With all these caveats in mind, we can investigate the paleontological and archeological record in search of some signal that can reveal that “something” has changed in the attentional system of a given species. Using the tripartite system as a general reference, we can speculate whether those three functions have experienced specific variations in the evolution of the human genus.

2.1. Alerting and Orienting

Arousal is probably based on different components (Robbins 1997), and there is evidence of some anatomical specializations in the ascending reticular activating system in our own species (Edlow et al. 2012). However, because of its generalized behavioral effects, and being a key function for the survival of any living organism, specific inferences on possible evolutionary influences on the genus Homo are more difficult to provide. Waiting for further information, we can probably hypothesize that, of the three subsystems, it could have undergone the least specialization in our lineage. Namely, it is hard to evaluate whether or not different human species may have had or required different alerting responses.
Instead, the orienting system may have undergone more targeted changes through human evolution, considering that most human behaviors require a peculiar selection of stimuli. The existence of affordances (sensu Gibson 1979), for example, should suggest that this selection of stimuli was subject to a major rearrangement when “objects” became “tools”, namely, in those species that became habitual tool users, and then even more with those species that turned into obligatory tool users. Affordances are emergent properties associated with mutual relationships between organism and environment, and hence require a specific cognitive scaffold to trigger a given response. Such scaffold largely includes attentional selectivity, following both top-down and bottom-up processes. With this in mind, the first consistent technological change (habitual tool users) is associated with H. erectus, or with its African ancestor, H. ergaster. In these species, as in the later and more encephalized H. heidelbergensis, raw knapped stones (Oldowan choppers; Wynn et al. 2011) were largely integrated into stone tools that were knapped all along the surface, designed intentionally for diverse functions, and with a roughly symmetric morphology (Acheulean handaxes; Wynn and Gowlett 2018) (Figure 2).

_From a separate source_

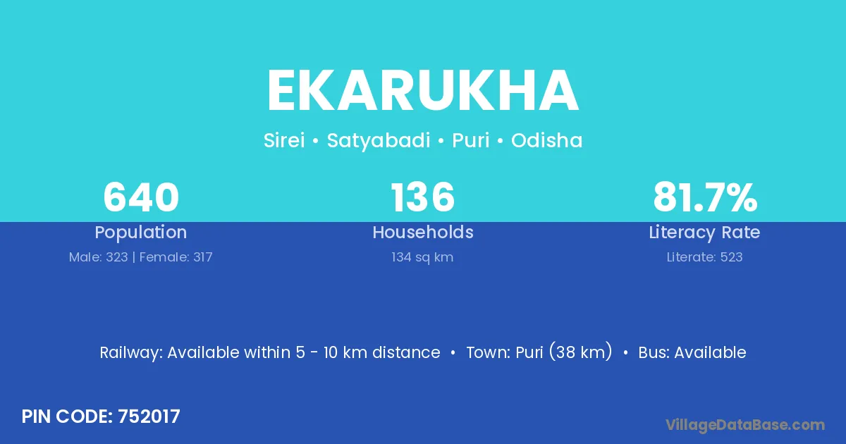 Puri (38 km) is the nearest town to Ekarukha village for major economic activities and is located approximately 38 km away.

In primates (especially in anthropoids), vision is the main source of sensorial input, and hence the relationship between brain, body and environment is crucially influenced by visual attention, a complex process that involves the lateral geniculate nuclei, the pulvinar and the thalamus, the visual (occipital) cortex, and the fronto-parietal selective system (Kastner and Pinsk 2004). Visual attention is generally oriented at the functional and manipulative parts of complex tools (Pilacinski et al. 2021), a process influenced by contextual information (Federico et al. 2021) and by the familiarity with the objects (Tamaki et al. 2020). Interestingly, by using eye-tracking, we have shown that human visual attention is not driven by general visual saliency, but by functional or structural tool features, even when exploring raw stone tools like choppers or handaxes (Silva-Gago et al. 2021, 2022; Figure 3). In particular, even subjects with no experience in archeology generally direct fixations at the bottom or tip of the stone, namely, where the object is grasped (structural region for the hand-tool contact) or used (functional edge). This means that functional/structural inputs are automatically selected even where visual exploration is not associated with any specific aim, and regardless of the actual visual saliency of that region. It is reasonable to speculate that, since the Early Pleistocene (habitual tool-users), humans have undergone changes in their patterns of selective attention associated with technological integration, with possible feedbacks between selective pressure and behavioral channeling (Bruner and Iriki 2016). Namely, early specializations as habitual tool-users should have implicitly involved those attentional abilities, prompting a functional interface between brain and technological extensions (Malafouris 2010). Whether or not earlier (non-human) hominids may have used real tools, and to what extent early humans may have used smaller flakes in addition to larger choppers and handaxes, remains, at present, less clear.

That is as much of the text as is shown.